# Generic number type

## Problem

Question: Can I have a generic numeric data type in Haskell which covers `Integer`, `Rational`, `Double` and so on, like it is done in scripting languages like Perl and MatLab?

Answer: In principle you can define a type like

```data GenericNumber =
Integer Integer
| Rational Rational
| Double Double
```

and define appropriate instances for `Num` class et. al. However you will find that it is difficult to implement these methods in a way that is appropriate for each use case. There is simply no type that can emulate the others. Floating point numbers are imprecise - a/b*b=a does not hold in general. Rationals are precise but pi and sqrt 2 are not rational. That is, when using `GenericNumber`s you will encounter exactly the problems that all scripting language users have encountered so far (or ignored :-).

A `GenericNumber` type would also negate the type safety that strongly typed numbers provide, putting the burden back on the programmer to make sure they are using numbers in a type-safe way.

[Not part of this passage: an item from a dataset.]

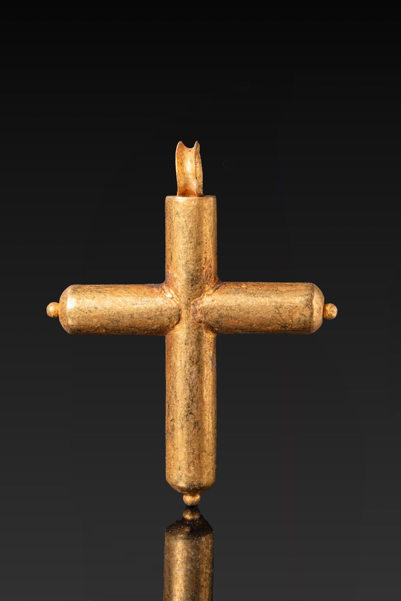Premium EARLY BYZANTINE GOLD CROSS PENDANT WITH RED GARNET CABOCHON.…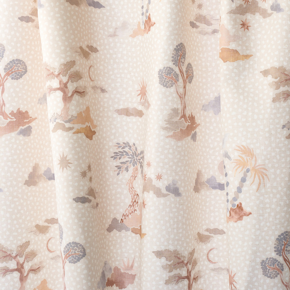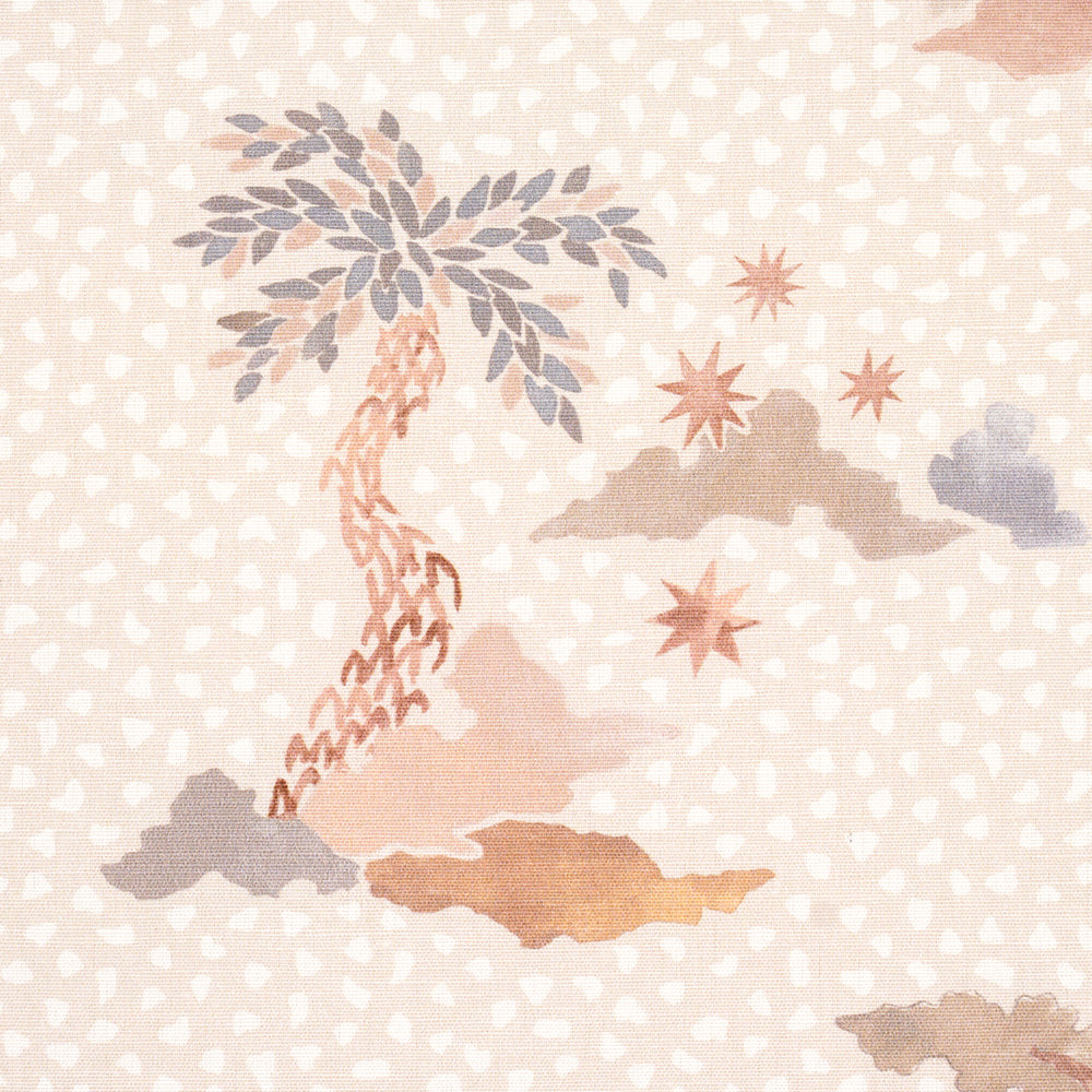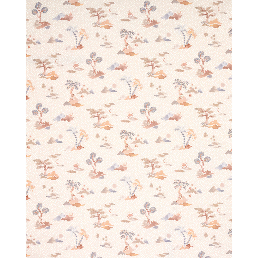 Inspired by the ancient capital of Malta, Valletta in sky-and-pink evokes the romance of a distant land with its exotic trees and celestial bodies floating on a stippled oceanic background. This enchanting fabric, designed by Happy Menocal, features wonderful tonal variations and a unique hand-painted aesthetic. Also available as a wallpaper. -

This can lead to subtle and hard-to-find bugs, for example, if some code ends up comparing two floating-point values for equality (usually a bad idea) without the programmer realizing it.

## Solutions

It is strongly advised to carefully check whether a GenericNumber is indeed useful for your application. So let's revisit some examples and their idiomatic solutions in plain Haskell 98.

### average

You may find it cumbersome to manually convert integers to fractional number types like in

```average :: Fractional a => [a] -> a
average xs = sum xs / fromIntegral (length xs)
```

and you may prefer

```average :: [GenericNumber] -> GenericNumber
average xs = sum xs / genericNumberLength xs
```

with an appropriate implementation of `genericNumberLength`. However, there is already `Data.List.genericLength` and you can write

```average :: Fractional a => [a] -> a
average xs = sum xs / genericLength xs
```

### ratios

You find it easy to write

```1 / 3 :: Rational
```

but uncomfortable that

```1 / floor pi :: Rational
```

does not work. The first example works, because the numeric literals `1` and `3` are interpreted as rationals itself. The second example fails, because `floor` always returns an `Integral` number type, where `Rational` is not an instance. You should use `%` instead. This constructs a fraction out of two integers:

```1 % 3 :: Rational
1 % floor pi :: Rational
```

### isSquare

It may seem irksome that `fromIntegral` is required in the function

```isSquare :: (Integral a) => a -> Bool
isSquare n = (floor . sqrt \$ fromIntegral n) ^ 2 == n
```

With a `GenericNumber` type, one could instead write

```isSquare :: GenericNumber -> Bool
isSquare n = (floor . sqrt \$ n) ^ 2 == n
```

but there is a subtle problem here: if the input happens to be represented internally by a non-integral type, this function will probably not work properly. This could be fixed by wrapping all occurrences of `n` by calls to `round`, but that's no easier (and less type-safe) than just including the call to `fromIntegral` in the first place. The point is that by using `GenericNumber` here, all opportunities for the type checker to warn you of problems is lost; now you, the programmer, must ensure that the underlying numeric types are always used correctly, which is made even harder by the fact that you can't inspect them.